Introduction

The singleCellTK package integrates functions from Scanpy which is a scalable Python-based toolkit for analyzing single-cell gene expression data built on top of the AnnData framework to store data and results. It includes functions for finding variable genes, dimensionality reduction, clustering, and differential expression. The Python-based implementation efficiently deals with datasets of more than one million cells.

Users can assess the Scanpy workflow via the singleCellTK package using either the R console or interactive graphical user interface (GUI) built with R/Shiny. The singleCellTK package uses the SingleCellExperiment object to store data and results. The Scanpy wrapper functions in singleCellTK automatically convert the data and results back and forth between SCE and AnnData objects so users do not have to do this manually.

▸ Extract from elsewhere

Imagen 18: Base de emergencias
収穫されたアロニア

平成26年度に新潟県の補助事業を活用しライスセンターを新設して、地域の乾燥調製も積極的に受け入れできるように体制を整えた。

The Shiny app allows users to access Scanpy functions and workflows without having to know the underlying code. Users can access all functions in the a la carte workflow in combination with functions from other packages. The Shiny app also contains a curated workflow that lets the users run the steps of the complete Scanpy workflow in a sequential manner and display the results with interactive plots.

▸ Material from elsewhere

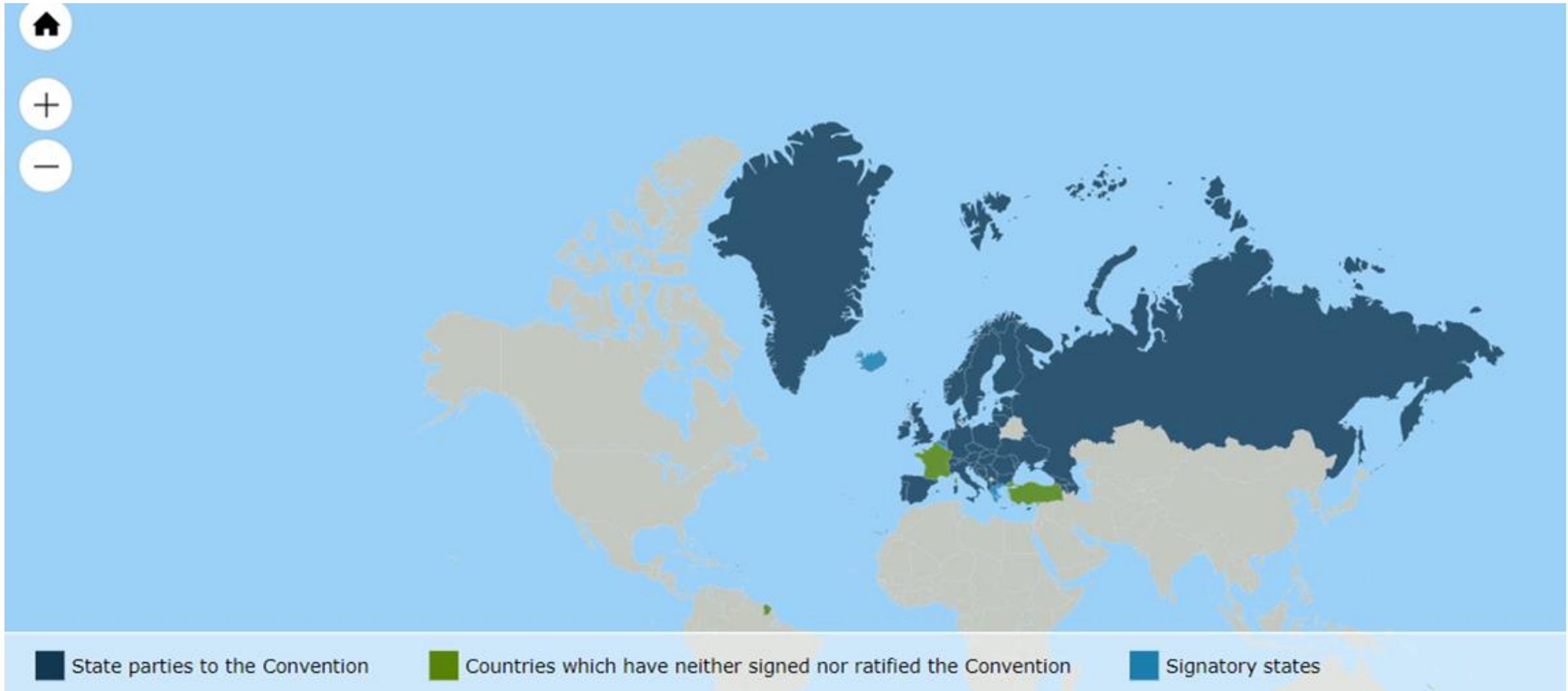
Abbildung 5: Vertragsstaaten

In this tutorial, you can select the ‘Interactive Analysis’ tabs below for detailed instructions on how to run the Scanpy workflow with the Shiny or the ‘Console Analysis’ tabs for instructions on running the workflow using the R console.

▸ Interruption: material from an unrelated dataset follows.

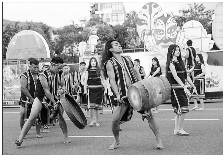
Nghệ nhân làng Pleiku Roh (phường Diên Hồng) trình diễn công chiêng trong Lễ hội đường phố với chủ đề "Sắc màu biển cả" tại Quảng trường Nguyễn Tất Thành (phường Quy Nhơn).
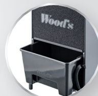
Filter, einfach zu reinigen Wassertank

Note: This tutorial assumes that the data has already been imported, QC’ed, and filtered. Please see the Import and QC tutorial for more information.

Workflow Guide

In this tutorial example, we illustrate all the steps of the Scanpy curated workflow and focus on the options available to customize the individual steps per the Scanpy instructions. To start the Scanpy curated workflow in the Shiny app, click on the ‘Curated Workflows’ tab in the top nagivation menu and select Scanpy:

1. Normalize Data
The first major step in the analysis is to normalize the raw counts for differences in overall library size (i.e. total number of counts) and apply a log transformation. For this purpose, any assay containing raw counts in the uploaded data can be used. 1. Click on the ‘Normalize’ vertical tab. 2. Select the assay to normalize from the dropdown menu. 3. Modify optional parameters if necessary 4. Press the ‘Normalize’ button to start the normalization process.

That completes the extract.